EHDS-Article-cited anonymization for secondary-use health data.

A Python CLI that de-identifies FHIR R4 bundles and tabular EHR data for Regulation (EU) 2025/327 (EHDS) Chapter IV secondary-use data permits — and emits a manifest that cites the exact Article and Recital mandating each transformation.

CI PyPI License: MIT


What and why

Regulation (EU) 2025/327, Chapter IV (Art. 64-72), OJ 2025-03-05, establishes the EHDS secondary-use framework. Commission implementing acts specifying technical anonymization standards for HealthData@EU are expected H1-H2 2026. Health data access bodies (HDABs) are already processing permit applications under the existing Article text.
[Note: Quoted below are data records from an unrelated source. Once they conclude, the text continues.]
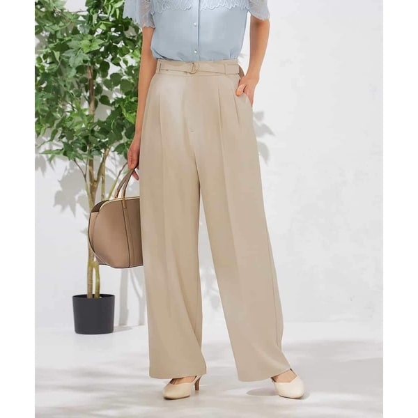 【洗える】ベルト付きイージーケアワイドパンツ
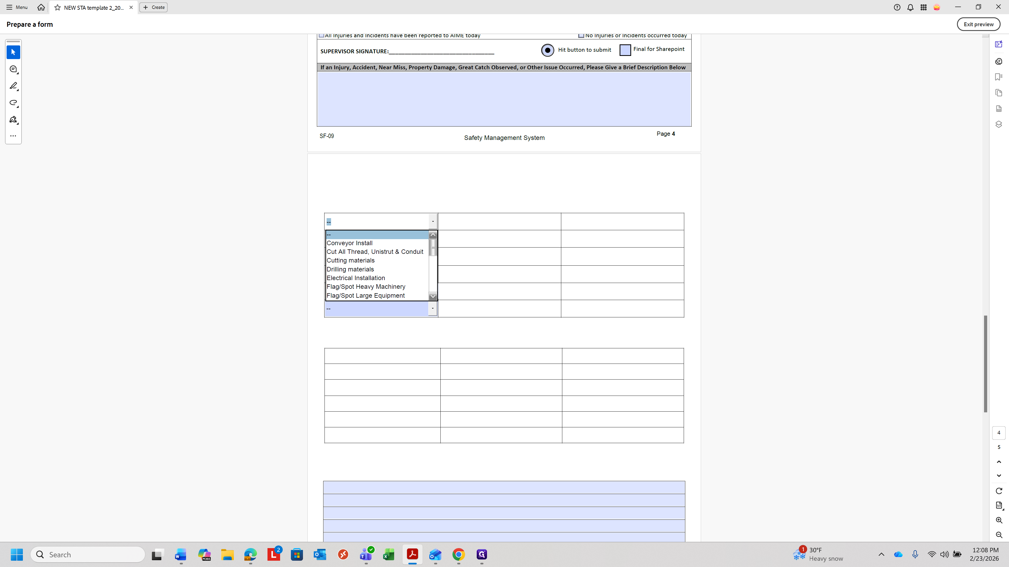 Once it opens, you will see the STA form. Next, select the specific field, which is important.
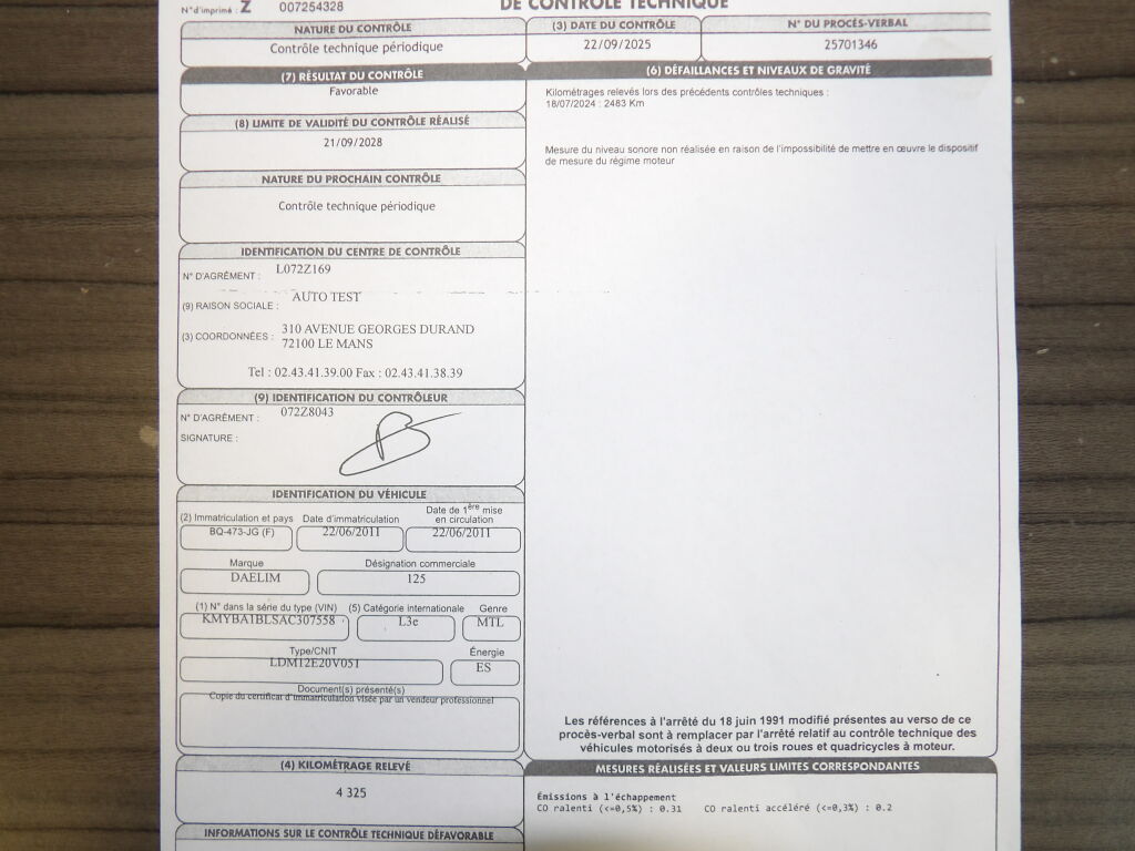 125 DAY STAR CLASSIC, BORDEAUX, 1 cv, mise en circulation le 22/06/2011.
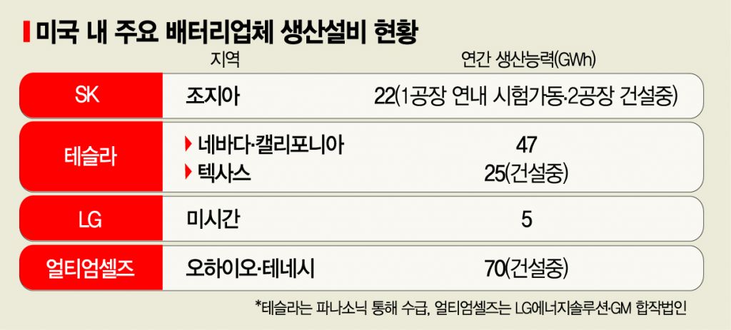 미국 내 생산거점으로 조지아주를 낙점함 SK는 현재 짓고 있는 2공장에 이어 추가 3, 4공장까지 증설하는 방안을 검토하고 나섰다. 앞서 최태원 SK그룹 회장이 조지아공장에 5조원 이상을 투자하겠다고 공언한 바 있다. 올 상반기 중 시험생산에 들어가는 1공장의 경우 연간 생산량이 9.8GWh정도며, 2공장이 완공돼 양산에 들어가면 현지 생산량은 연간 22GWh 정도로 늘어난다. SK가 향후 5년간 글로벌 배터리 생산량을 125GWh로 늘리기로 한 만큼, 중국·유럽공장과 함께 3대 축인 미국 공장이 중요한 역할을 맡았다.
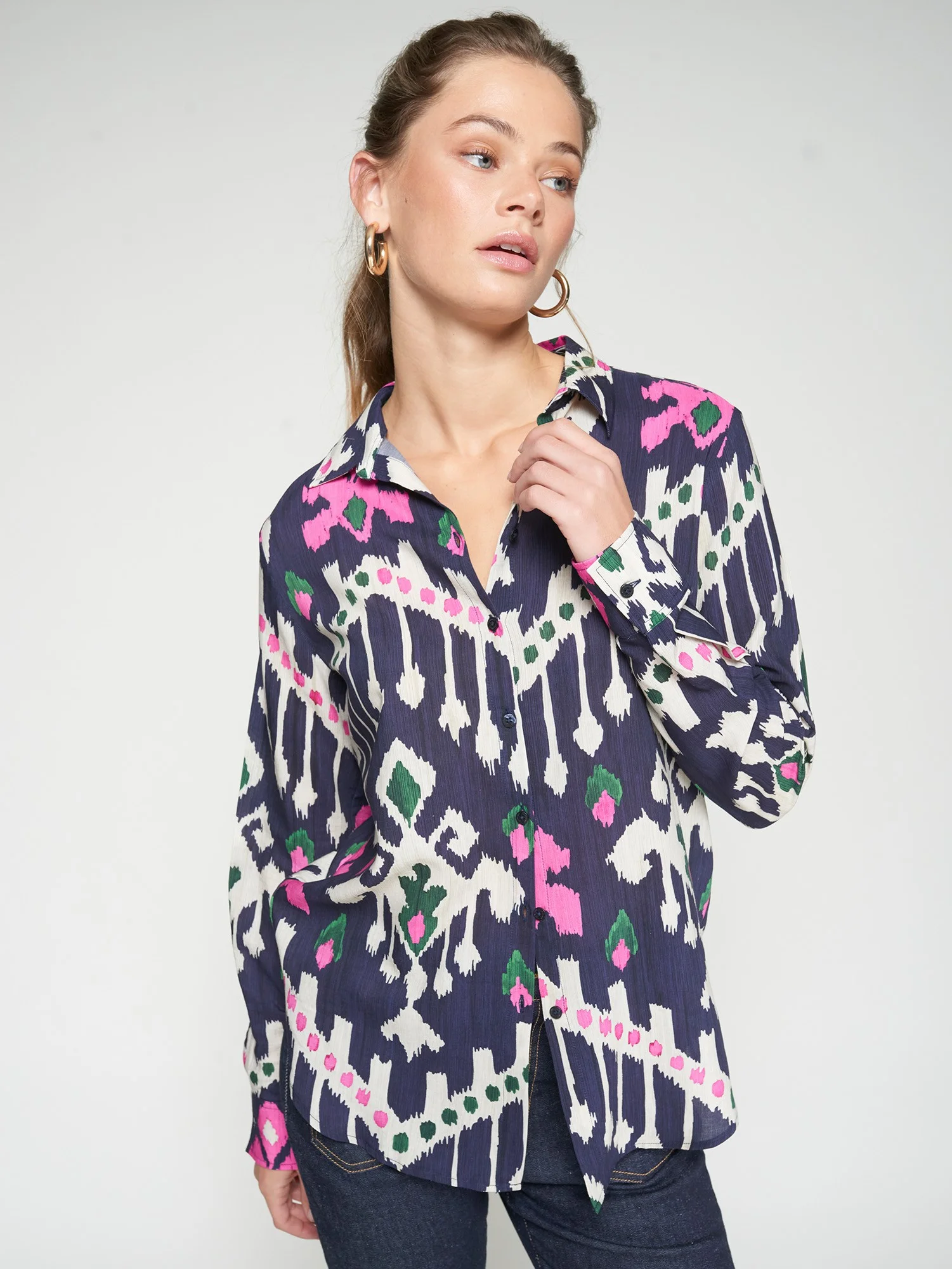Camisa de corte recto confeccionada en mezcla de viscosa y algodón. Estampado tipo ikat en azul marino, rosa, verde y crudo. Cuello clásico, cierre frontal con botones y puños con abotonadura simple. Tejido con ligera estructura. Bajo ligeramente redondeado.
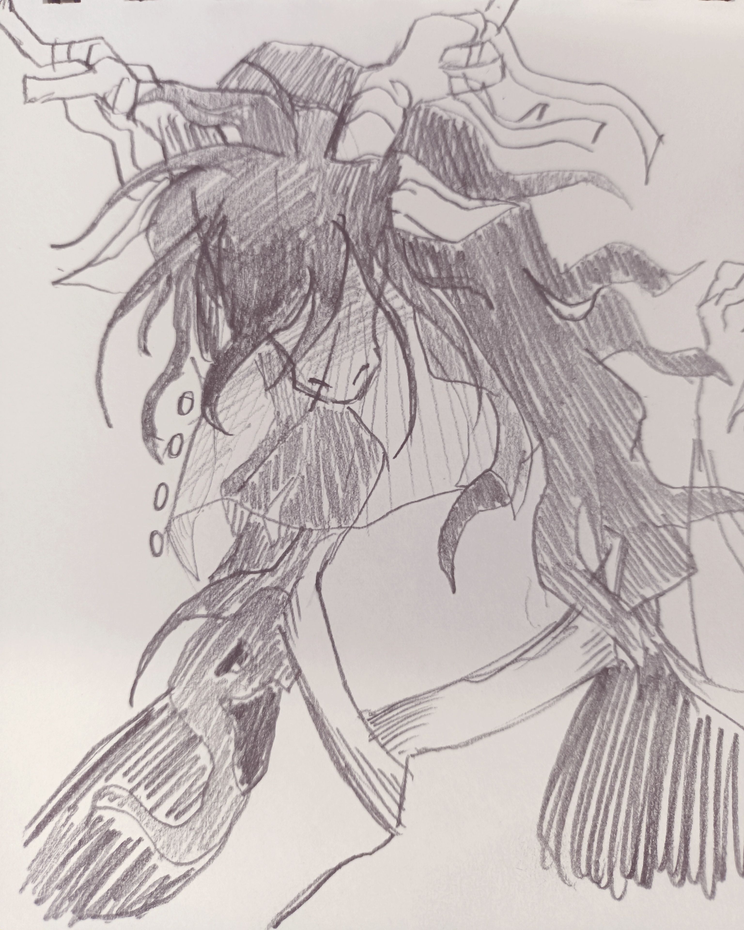 컨셉이 한국풍 + 제(제사) + 펄럭이는 옷감과 머리 + 흑백인데 잘 표현이 안된 것 같기도 하고.
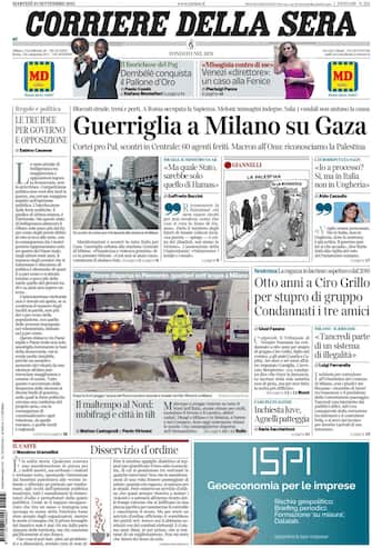 Sulle prime pagine dei principali quotidiani nazionali troviamo gli scontri a Milano durante le manifestazioni per Gaza. In tutta Italia cortei pacifici e oltre 500mila persone in piazza per la pace. Spazio anche al riconoscimento da parte della Francia dello Stato di Palestina. In primo piano anche il processo a Ciro Grillo, condannato a 8 anni per stupro di gruppo. E ancora, il maltempo che ha causato numerosi danni al Nord
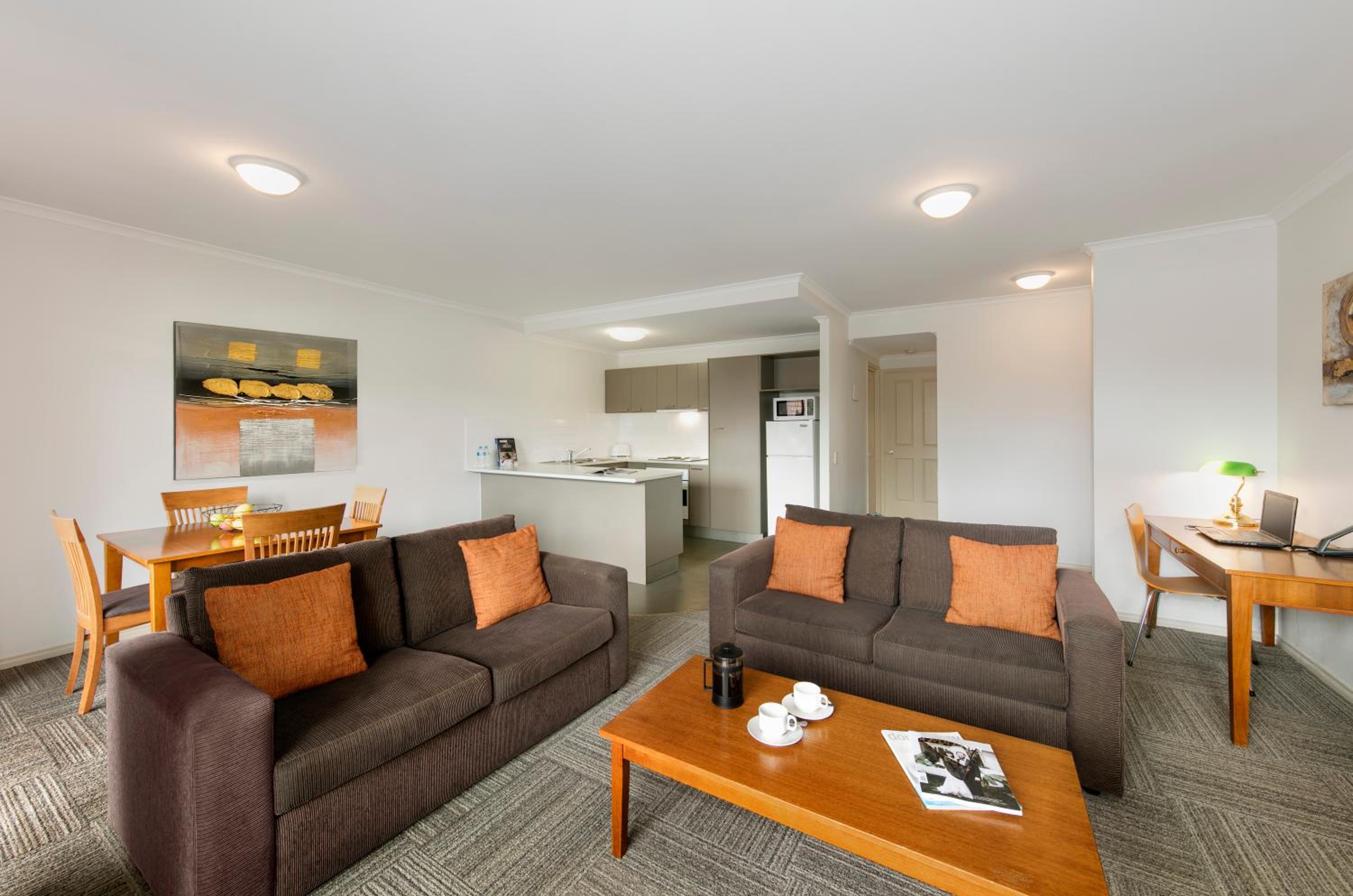 The air-conditioned apartments at Quest Bendigo are tastefully decorated with warm colors and feature full kitchen, laundry facilities, separate lounge areas, and flat-screen TVs. Whether for business or leisure, the apartments provide a comfortable stay for guests.

Existing open-source tools (synthea, ARX, academic libraries) do not:

  • Emit a per-transformation regulatory citation tied to EHDS Art. 64-72
  • Implement the Art. 72 pseudonymisation key custody chain of evidence
  • Target the HealthData@EU secondary-use submission workflow

ehds-anon-kit fills that gap. Every transformation is traceable to its legal basis.


Install

pip install ehds-anon-kit

With tabular (CSV) support:

pip install "ehds-anon-kit[tabular]"

Quickstart

ehds-anon \
  --fhir-bundle data/bundle.json \
  --profile ehds-secondary-default \
  --key-custody key-custody.yaml \
  --out output/

With tabular data:

ehds-anon \
  --fhir-bundle data/bundle.json \
  --tabular data/patients.csv \
  --profile ehds-secondary-default \
  --key-custody key-custody.yaml \
  --out output/

key-custody.yaml (choose one key source):

# Option 1: environment variable (recommended)
env_var: EHDS_PSEUDO_KEY

# Option 2: HashiCorp Vault
# vault_path: vault://ehds-keys/patient-key

# Option 3: in-process (triggers Art. 72 warning — disclose to HDAB)
# inline_key: "your-secret-key"

Outputs

File Description
bundle_anon.json Anonymized FHIR R4 bundle
tabular_anon.csv k-anonymized EHR table (if --tabular given)
ehds_evidence.json Machine-readable EHDS Art. 64-72 evidence manifest
ehds_evidence.md Human-readable manifest for DPO / HDAB submission
audit.sha256 Tamper-evident hash chain over all inputs + outputs

Anonymization profiles

Profile k-anonymity Date-shift Postal code Target use
ehds-secondary-default k=5 ±90 days 3 chars (NUTS-3) Most EHDS Chapter IV permits
ehds-research-strict k=10 ±180 days 2 chars High-sensitivity / HealthData@EU cross-border

FHIR transformations (with citations)

Resource Field Action Citation
Patient identifier Replace with pseudonym Art. 72; Rec. 66
Patient name Remove Art. 65; Rec. 65
Patient birthDate Truncate to year Art. 65; Rec. 71
Patient address Generalise to 3-char postal Art. 65
Observation effectiveDateTime Date-shift ±90d Rec. 71
Encounter period Date-shift ±90d Rec. 71
Encounter participant.individual Pseudonymise practitioner Art. 65

See docs/ehds-citation-map.md for the full transformation-to-Article mapping.


Art. 72 key custody

Key source Art. 72 disclosure required
hsm://... No — hardware isolation
vault://... No — isolated vault
env:VAR No — operator-managed
inline YES — must disclose to HDAB

The key source and custody chain are recorded in ehds_evidence.json.


Known gaps

These limitations are documented honestly. The tool is an MVP targeting the most common EHDS secondary-use use case.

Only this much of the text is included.